Saccharina dentigera

Scientific classification
- Domain: Eukaryota
- Clade: Sar
- Clade: Stramenopiles
- Division: Ochrophyta
- Class: Phaeophyceae
- Order: Laminariales
- Family: Laminariaceae
- Genus: Saccharina
- Species: S. dentigera
- Binomial name: Saccharina dentigera (Kjellman) C.E.Lane, C.Mayes, Druehl & G.W.Saunders, 2005
- Synonyms: Laminaria dentigera Kjellman, 1889;

= Saccharina dentigera =

- Genus: Saccharina
- Species: dentigera
- Authority: (Kjellman) C.E.Lane, C.Mayes, Druehl & G.W.Saunders, 2005
- Synonyms: Laminaria dentigera Kjellman, 1889

Species of Phaeophyceae

Saccharina dentigera is a species of brown algae (class Phaeophyceae), in the family Laminariaceae. It is native to shallow water in the northeastern Pacific Ocean from the Gulf of Alaska to Baja California.

==Taxonomy==
This seaweed was first described in 1889 by the Swedish botanist Frans Reinhold Kjellman as Laminaria dentigera, the type location being Bering Island, where it was said to be fairly abundant, scattered across the sublittoral zone. In a revision of the genus Laminaria by C.E.Lane, C.Mayes, Druehl and G.W.Saunders in 2005, the species was transferred to the genus Saccharina, becoming Saccharina dentigera.

==Description==
Saccharina dentigera is a large brown seaweed growing to a length of 1.5 m. The thallus is dark brown, thick and leathery, often appearing palmate because of being split into broad lobes to within 10 cm of its base. Younger thalli are entire with ovate blades. The thallus is supported on a robust, semi-rigid stipe, which has mucilage ducts on its surface near the upper end. The stipe is attached to a rock surface by a branched holdfast up to 8 cm high. Each holdfast only bears one thallus, but new blades sometimes start to grow before the old ones are shed.

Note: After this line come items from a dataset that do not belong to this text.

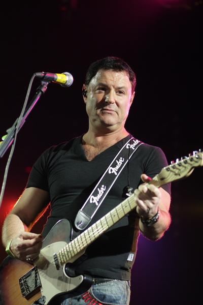 Maxim Leonidov at a concert in the Milk Moscow Club on December 10, 2009.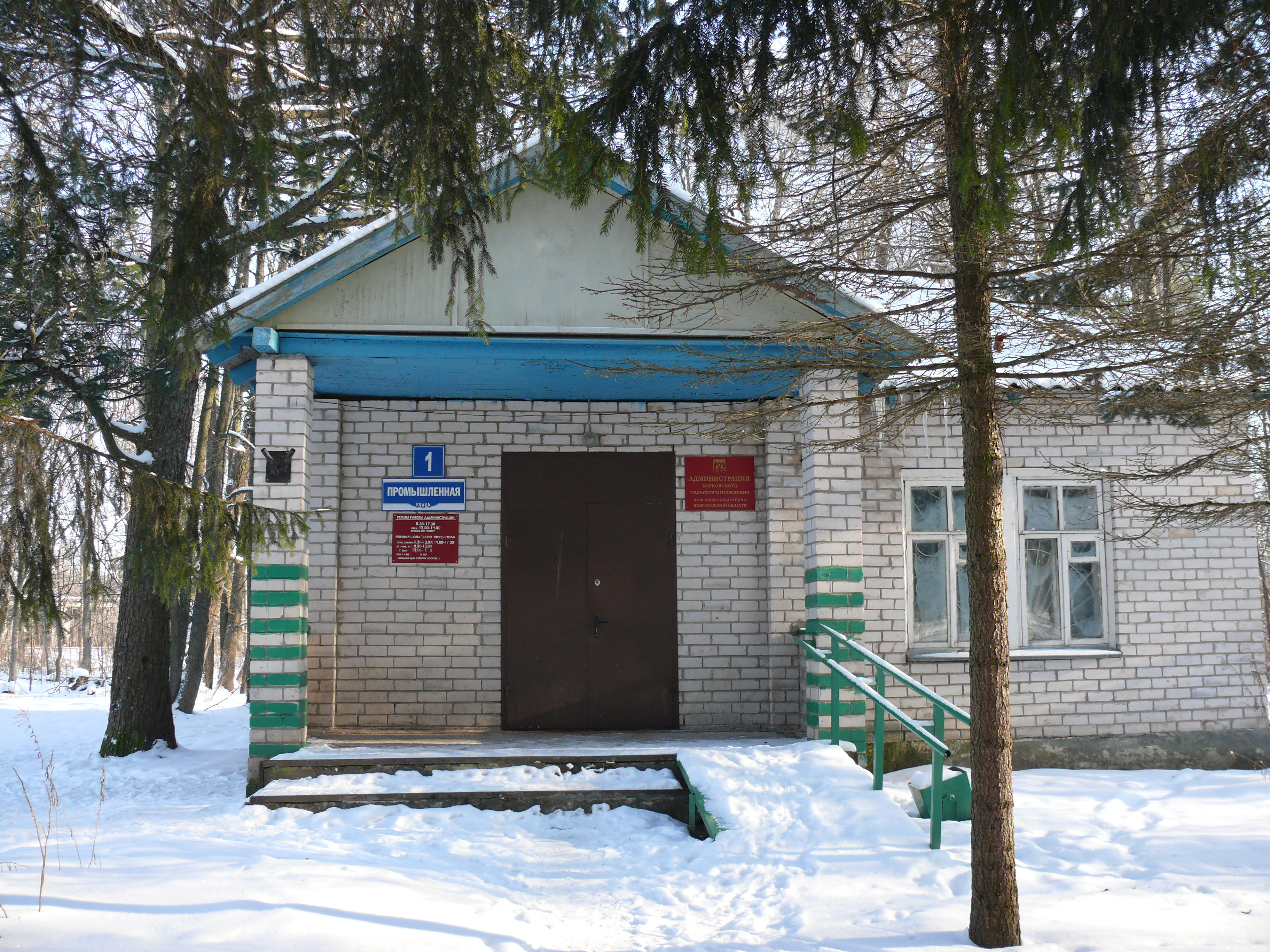 Borki village, Novgorodsky District, Novgorod Oblast, Russia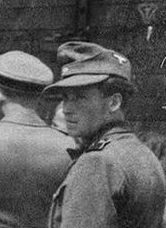 Stefan Baretzki is the SS guard carrying a stick. He often used it to beat prisoners.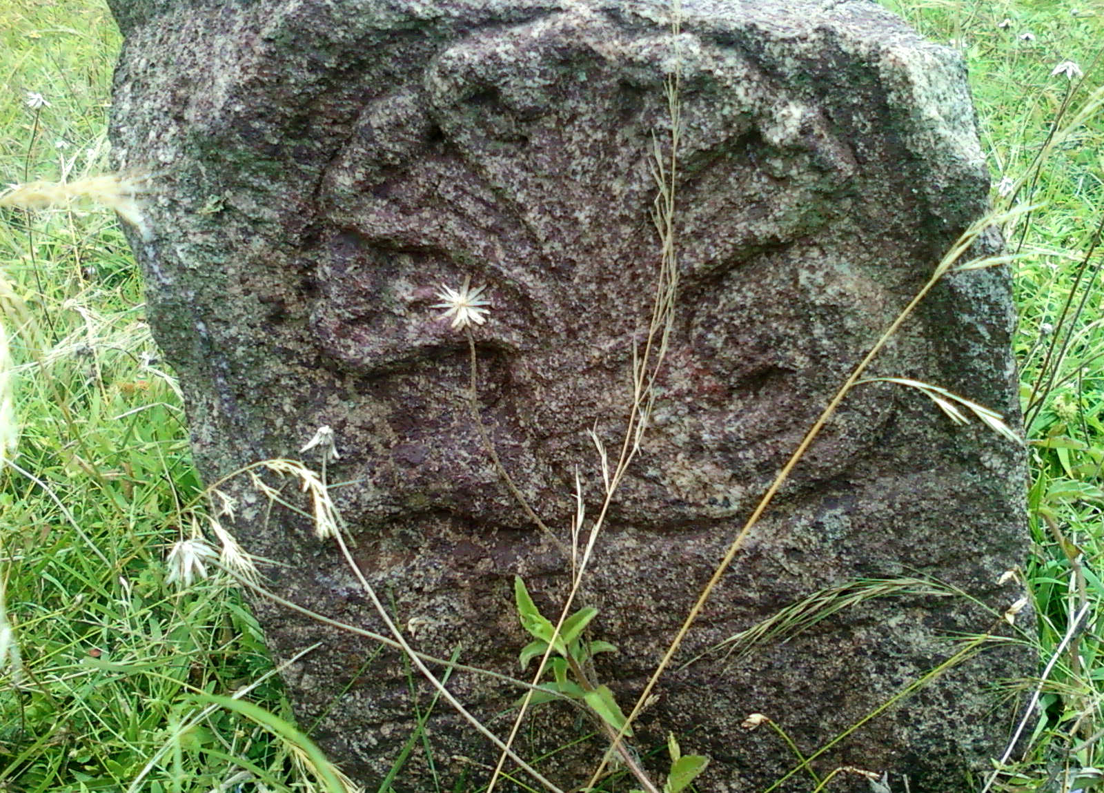 Five Headed Serpent Relief at Pavurallakonda Buddhist Monastic Ruins, Bheemunipatnam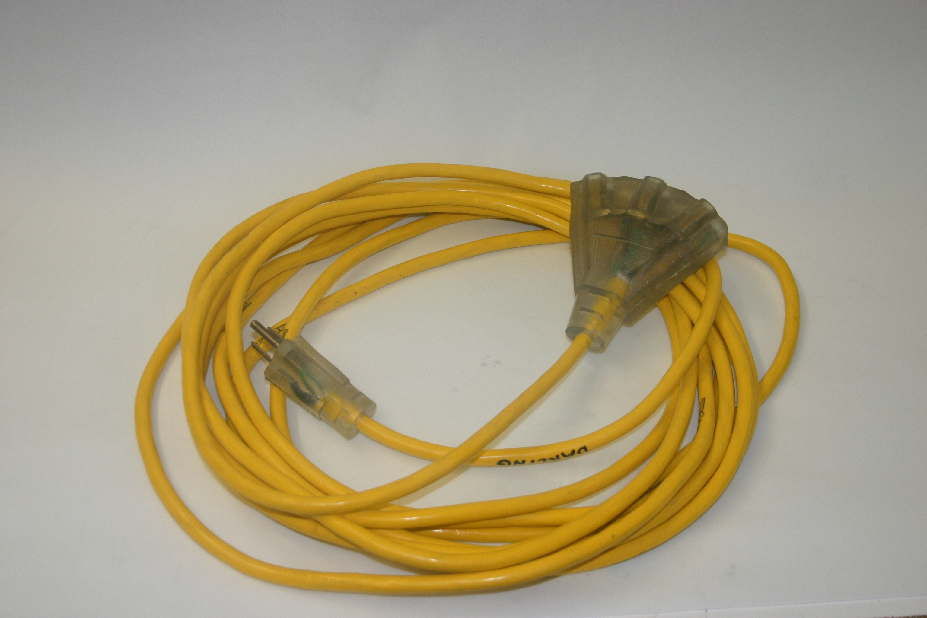 Yellow Extension Cord with NEMA 5-15 plug and three NEMA 5-15 receptacles.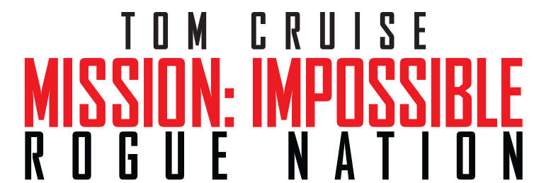 Mission Impossibleː Rogue Nation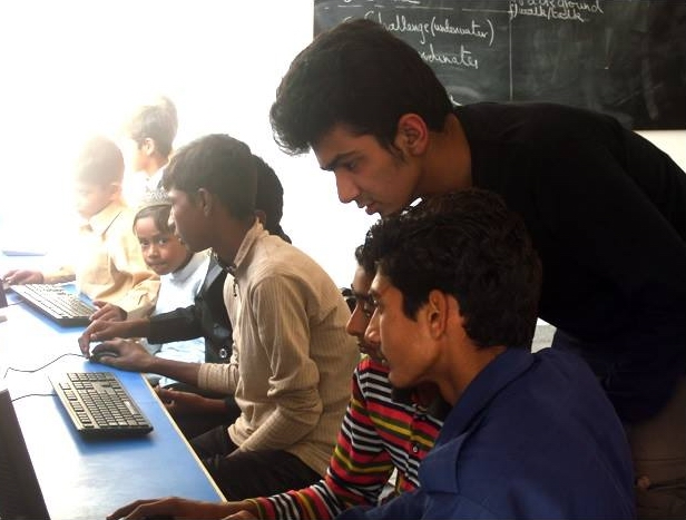 stem5 - Al Maktab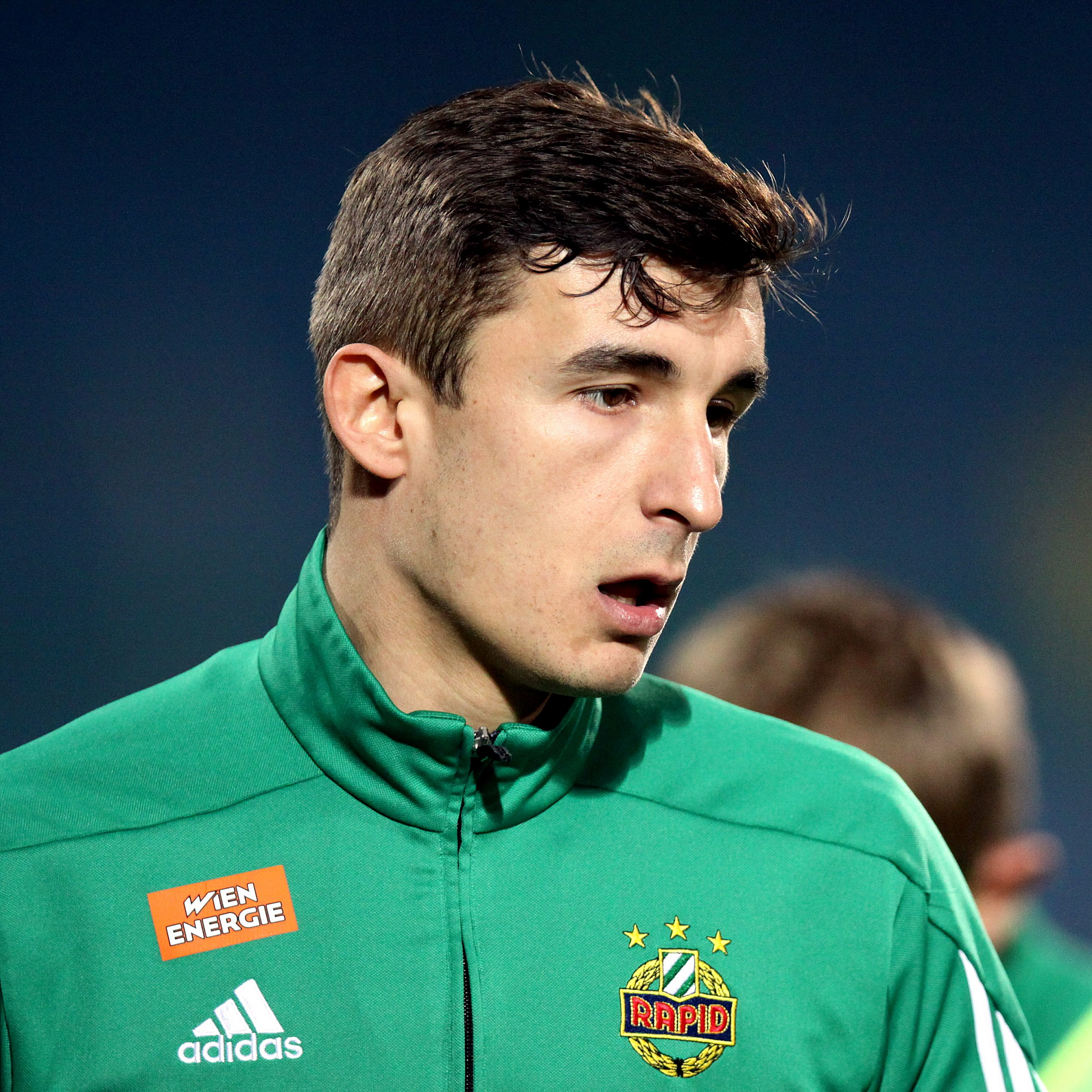 Match of the Austrian Football Bundesliga – FC Admira Wacker Mödling (red shirts) vs. SK Rapid Wien (white shirts) 2-1 (0-1) on 2015-12-02 in Bundesstadion Sudstadt – The photo shows Matej Jelić (SK Rapid Wien).

==Distribution and habitat==
The species is found in the northeastern Pacific Ocean, its range extending from the western Gulf of Alaska to the Bering Sea and the Aleutian Islands off the coast of Alaska, and southwards to Ensenada, Baja California. It occurs on rocky substrates in the lower intertidal zone and the shallow subtidal zone.

==Ecology==
Saccharina dentigera is one of the most abundant kelps in the southern Kodiak Islands, and is the dominant seaweed at most sites in the shallow subtidal zone. The kelp forests provide shelter and substrate for many species of marine organisms. In May, it is found at these sites with reproductive structures. The limpet Lottia instabilis is a specialist feeder on S. dentigera to the extent that it is essentially a parasite of the kelp.